Description of the task
Your job is to print, exactly, the lines in the data below from the line with "3 İplik Şardonlu" through the line with "FUJITSU FMVU34026 LIFEBOOK", both included, and to omit any picture.

(Beginning of Provided records)

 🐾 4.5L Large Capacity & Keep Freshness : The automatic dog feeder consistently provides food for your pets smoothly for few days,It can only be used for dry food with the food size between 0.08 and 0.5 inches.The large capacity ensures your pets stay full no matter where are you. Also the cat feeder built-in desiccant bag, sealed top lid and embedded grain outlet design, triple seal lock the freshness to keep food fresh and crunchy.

(End of Provided records)
(Beginning of Provided records)

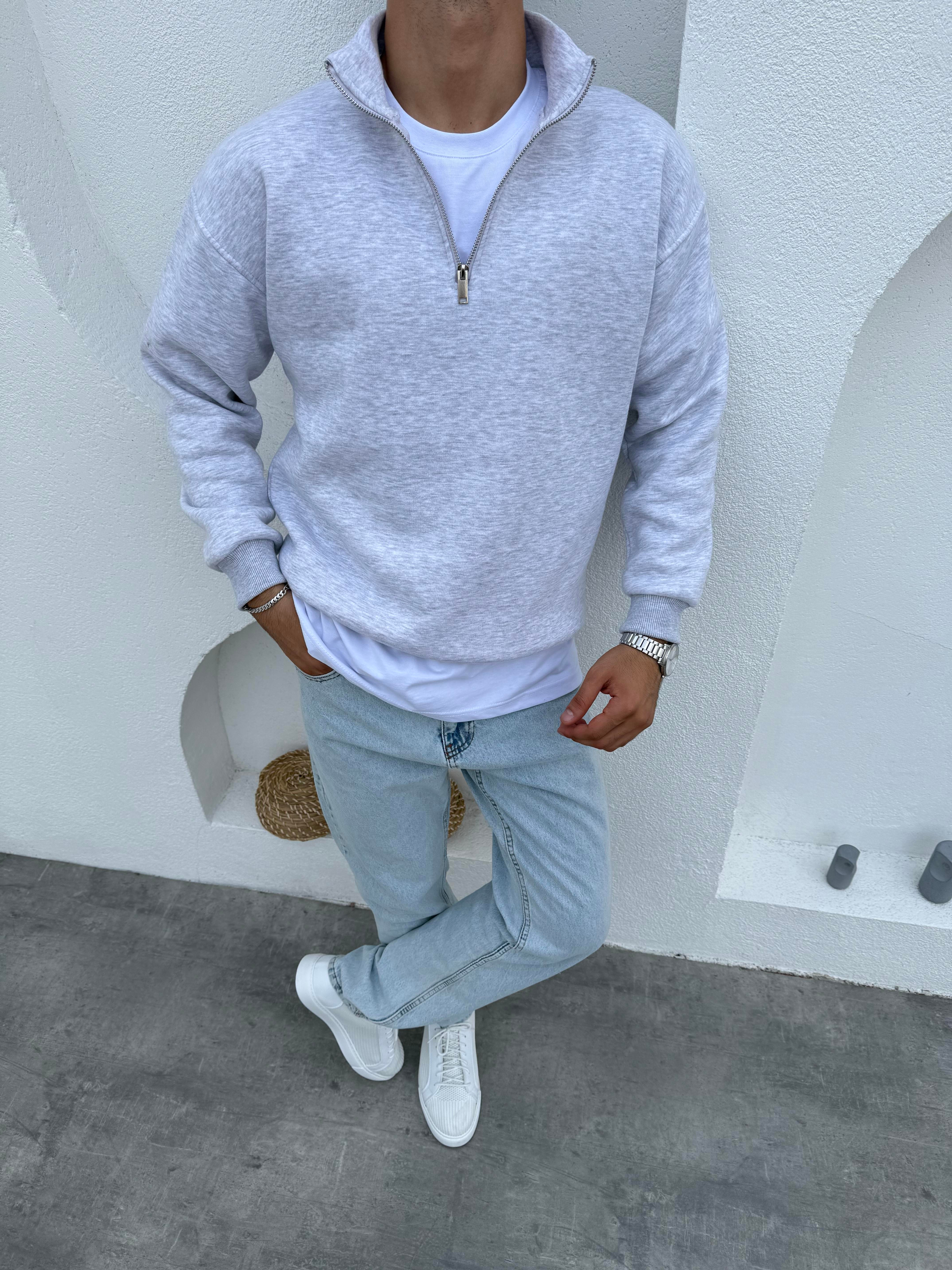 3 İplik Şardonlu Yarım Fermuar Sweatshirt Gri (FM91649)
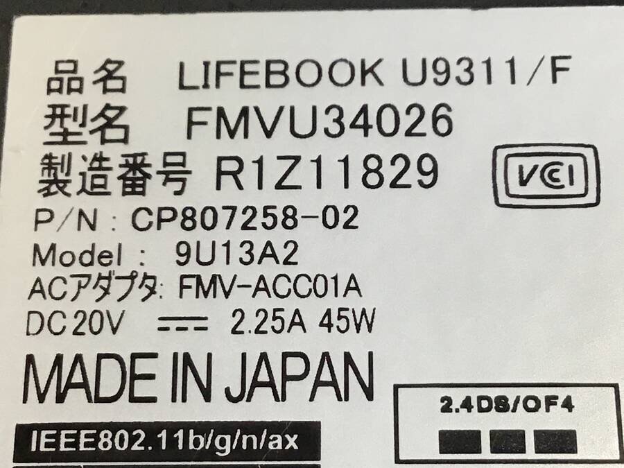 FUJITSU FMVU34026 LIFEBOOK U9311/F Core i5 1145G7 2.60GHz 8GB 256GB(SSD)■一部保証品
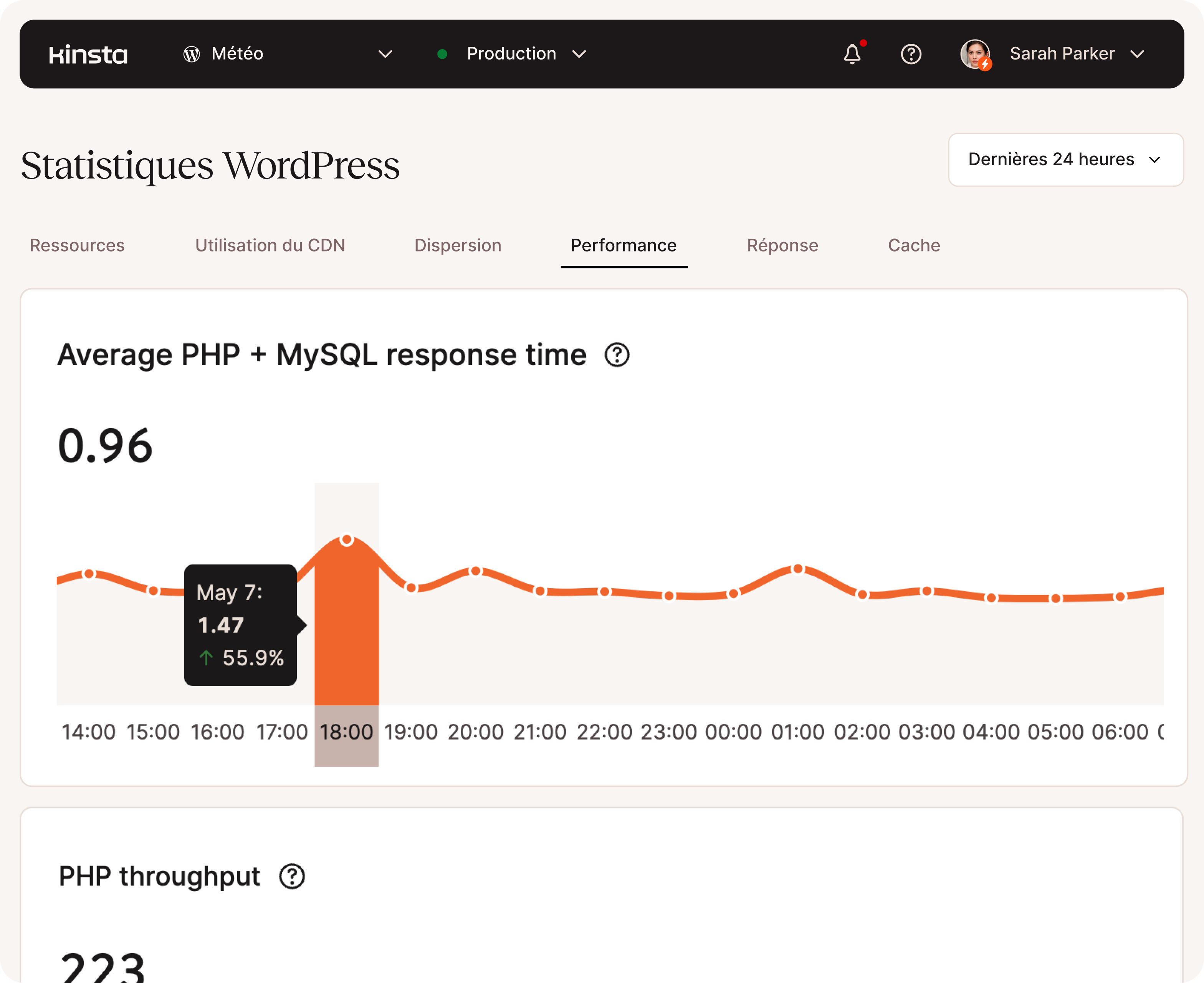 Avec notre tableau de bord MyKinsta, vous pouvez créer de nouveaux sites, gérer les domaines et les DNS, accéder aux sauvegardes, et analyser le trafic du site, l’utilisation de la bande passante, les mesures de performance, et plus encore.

(End of Provided records)

Solution
 3 İplik Şardonlu Yarım Fermuar Sweatshirt Gri (FM91649)
 FUJITSU FMVU34026 LIFEBOOK U9311/F Core i5 1145G7 2.60GHz 8GB 256GB(SSD)■一部保証品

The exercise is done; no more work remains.